I shouldn’t be too surprised by the existence of parallel universes—or even of parallel childhoods. Sometimes, I become lulled into a false sense of security by the homogeneity of growing up in America. I can meet someone my age from anywhere else in the country and chances are we grew up watching the same cartoons, eating the same snack foods, and learning the same lessons. If you’re in your thirties now, at some point you watched Ninja Turtles, ate Dunkaroos, and made a construction paper pilgrim hat in school. If you did all three in the same twenty-four hour period, your diary undoubtedly included the words, “Best day ever.” You could give up on life after that because you’d officially peaked. That’s why it’s genuinely alarming when there’s something as popular as The Story of Ping that I’ve never even heard of before. I must admit, however, that such discoveries aren’t as rare for me as they used to be. I have a teenager now, and she constantly uses words I’m convinced she made up just to mess with me. The other day, she used “gyaut” in a sentence, which I had to ask her to repeat, spell, and define. Even after that, I’m still not sure I understand it. My best guess is it has something to do with yachts. My younger kids are just as bad. They pick up the worst of the worst from YouTube. I’ve heard the phrase “Skibidi Toilet” more times than I care to admit, but I’ll die before I ask anyone to explain it. I could ban my kids from YouTube, but they’d just pick up these words from other kids who are still allowed to watch it. My only choice is to get with the times or to commit to forever being out of touch. I choose option two. I’m perfectly happy to remain in my own universe.
Anyway, that’s all I’ve got for now. Catch you next time.
James
OK, so I'm not saying I know all the books, but I did read ALOT as a child (and still do now as an adult) and I don't know this book (and it seems like the kind of thing you'd remember knowing). Hopefully that helps validate your multiverse theory.
Like my sister would have said “I just had breakfast”… a sentence that means “I just found out something new” ( it sounds still weird in Spanish and I have never heard anyone else, besides my family, to use that in any context.
Never have I ever heard about The Story of Ping.
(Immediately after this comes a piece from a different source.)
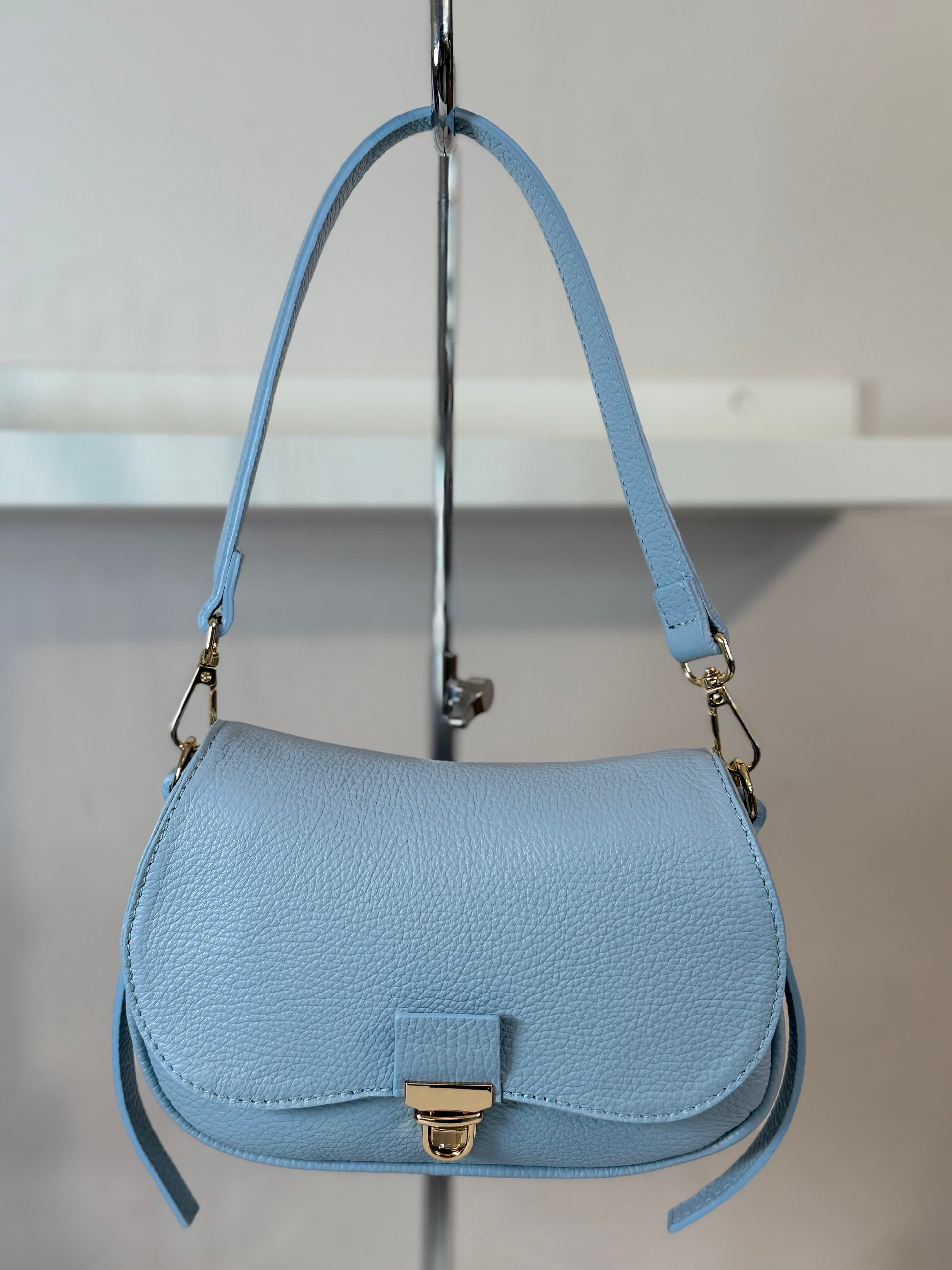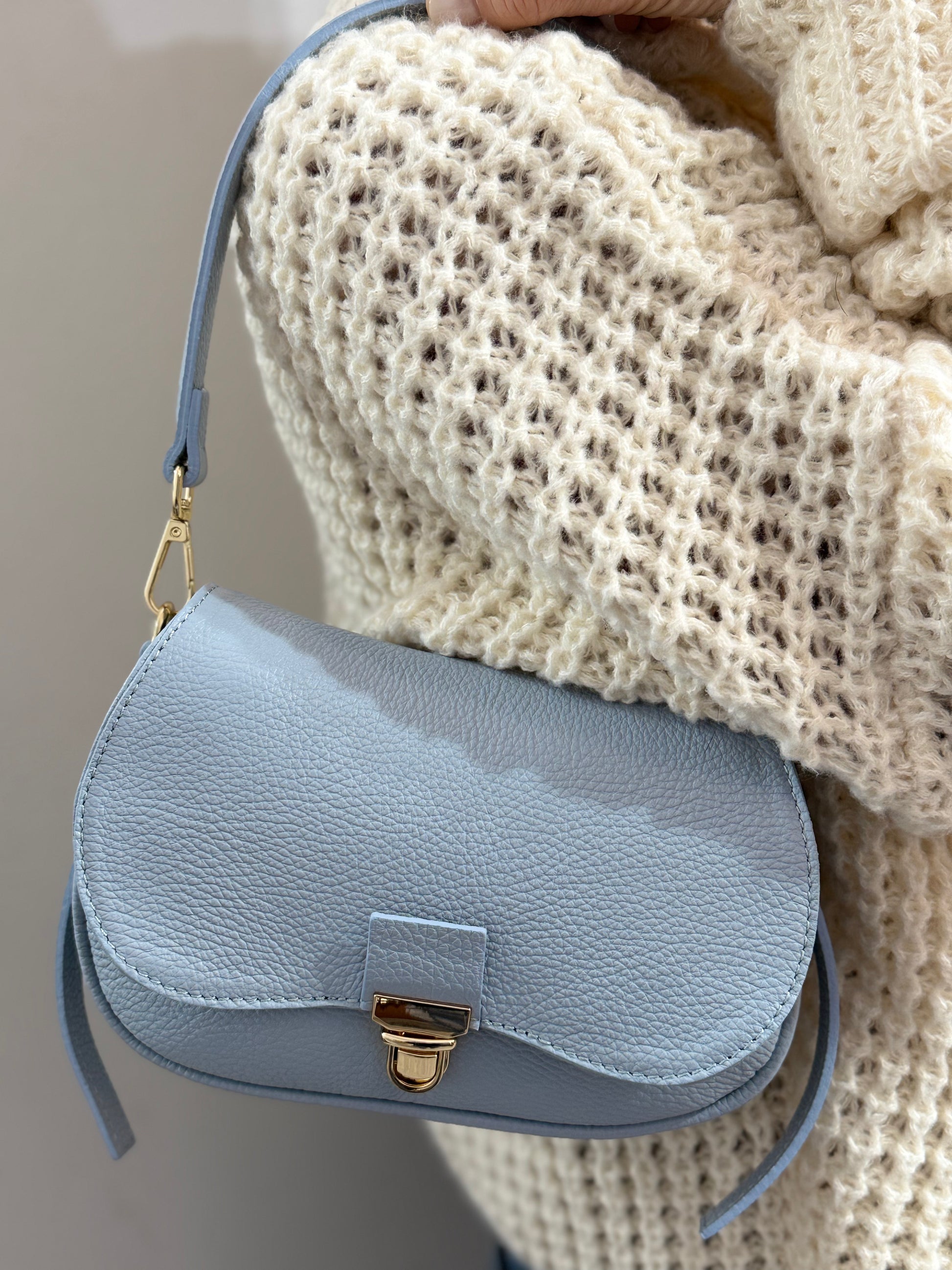 Mini bag a spalla e tracolla, realizzata in morbida pelle di vitello botalato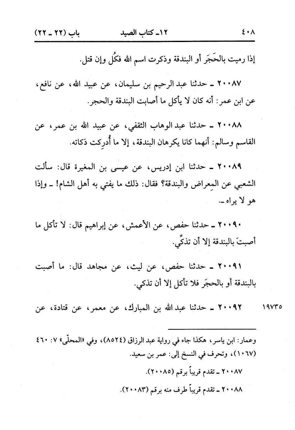 20088- حَدَّثَنَا عَبْدُ الْوَهَّابِ الثَّقَفِيُّ ، عَنْ عُبَيْدِ اللهِ بْنِ عُمَرَ ، عَنِ الْقَاسِمِ وَسَالِمٍ أَنَّهُمَا كَانَا يَكْرَهَانِ الْبُنْدُقَةَ إِلاَّ مَا أُدْرِكْت ذَكَاتَهُ.

What a dreadful story! And as an elementary teacher I read many stories with my students ( also I have seen thousands of book covers while checking what they were planning to read at home).
Regarding the new words you mentioned. I google them and apparently I will have to clear my browser, too, due to the meaning of the first one. I also need to be prescribed an amnesia pill to forget the disgusting image of the second one. Thanks, James! Now I understand why human arrive to an age where they rather die than try to keep up with new trends. Lol.